[R] How do I combine lists of data.frames into a single data frame?
Marc Schwartz
marc_schwartz at me.com
Fri Jul 16 00:27:39 CEST 2010
Ted,
Based upon your code below, you might be better off using two lapply() constructs to create the x and y results separately, taking advantage of lapply()'s built-in ability to create lists 'on the fly', while returning a NULL when the function will not be applied to the data based upon your test.
For example:
lapply(seq(n), function(i) if (test on ID[i]) funcX() else NULL)
and something like:
lapply(seq(n), function(i) if (test on ID[i]) do.call(rbind, funcY()) else NULL)
and then you can use the do.call() approach on the results of both.
Consider:
# Only return data if 'i' is even
Res1 <- lapply(1:5, function(i) if (i %% 2 == 0) iris[1:i, ] else NULL)
> Res1
[[1]]
NULL
[[2]]
Sepal.Length Sepal.Width Petal.Length Petal.Width Species
1 5.1 3.5 1.4 0.2 setosa
2 4.9 3.0 1.4 0.2 setosa
[[3]]
NULL
[[4]]
Sepal.Length Sepal.Width Petal.Length Petal.Width Species
1 5.1 3.5 1.4 0.2 setosa
2 4.9 3.0 1.4 0.2 setosa
3 4.7 3.2 1.3 0.2 setosa
4 4.6 3.1 1.5 0.2 setosa
[[5]]
NULL
When we use do.call() here the elements that are NULL do not result in any problems creating the result:
> do.call(rbind, Res1)
Sepal.Length Sepal.Width Petal.Length Petal.Width Species
1 5.1 3.5 1.4 0.2 setosa
2 4.9 3.0 1.4 0.2 setosa
3 5.1 3.5 1.4 0.2 setosa
4 4.9 3.0 1.4 0.2 setosa
5 4.7 3.2 1.3 0.2 setosa
6 4.6 3.1 1.5 0.2 setosa
Now consider the second example, where your function would return a list of data frames.

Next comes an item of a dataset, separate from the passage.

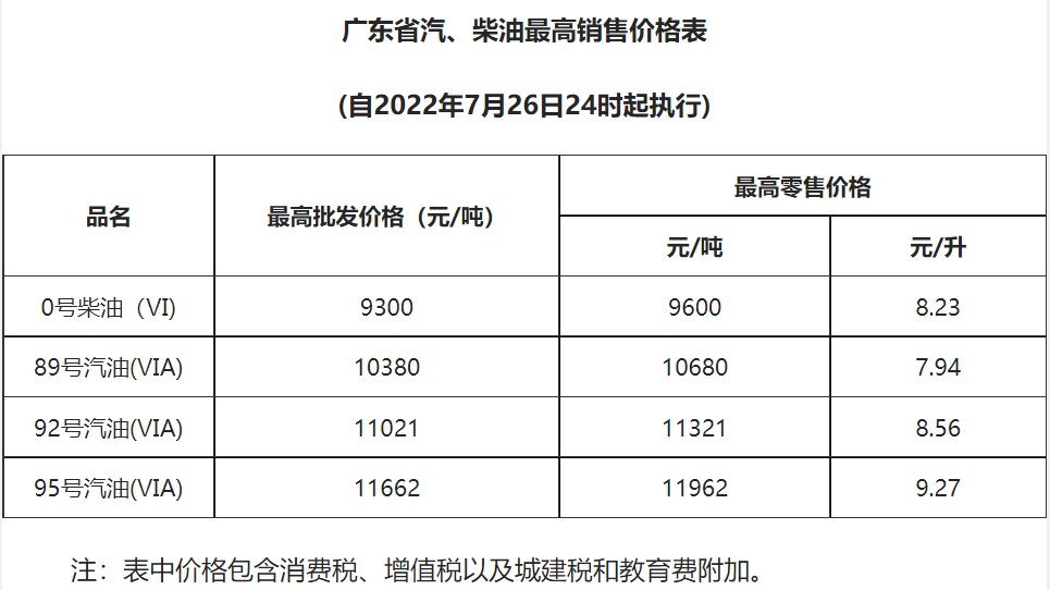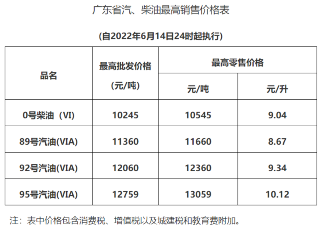 今年1月17日,我国对成品油价进行了第一轮调整,当时广东省92号汽油油价为7.44元/升,95号汽油油价为8.06元/升。截止到目前,今年我国成品油价格最高的时间节点为6月14日,当时广东省92号汽油油价高达9.34元/升,95号汽油油价更是突破了10元大关,达到了10.12元/升。

I'll use replicate() with 'simplify = FALSE' so that the result within lapply() is either a single list of data frames or NULL. If the result would be a list of data frames, we'll use do.call() within the loop so that lapply() returns a single data frame rather than a list of data frames. Consider:
> replicate(3, iris[1:3, ], simplify = FALSE)
[[1]]
Sepal.Length Sepal.Width Petal.Length Petal.Width Species
1 5.1 3.5 1.4 0.2 setosa
2 4.9 3.0 1.4 0.2 setosa
3 4.7 3.2 1.3 0.2 setosa
[[2]]
Sepal.Length Sepal.Width Petal.Length Petal.Width Species
1 5.1 3.5 1.4 0.2 setosa
2 4.9 3.0 1.4 0.2 setosa
3 4.7 3.2 1.3 0.2 setosa
[[3]]
Sepal.Length Sepal.Width Petal.Length Petal.Width Species
1 5.1 3.5 1.4 0.2 setosa
2 4.9 3.0 1.4 0.2 setosa
3 4.7 3.2 1.3 0.2 setosa
> do.call(rbind, replicate(3, iris[1:3, ], simplify = FALSE))
Sepal.Length Sepal.Width Petal.Length Petal.Width Species
1 5.1 3.5 1.4 0.2 setosa
2 4.9 3.0 1.4 0.2 setosa
3 4.7 3.2 1.3 0.2 setosa
4 5.1 3.5 1.4 0.2 setosa
5 4.9 3.0 1.4 0.2 setosa
6 4.7 3.2 1.3 0.2 setosa
7 5.1 3.5 1.4 0.2 setosa
8 4.9 3.0 1.4 0.2 setosa
9 4.7 3.2 1.3 0.2 setosa
So now:
Res2 <- lapply(1:5, function(i) if (i %% 2 == 0)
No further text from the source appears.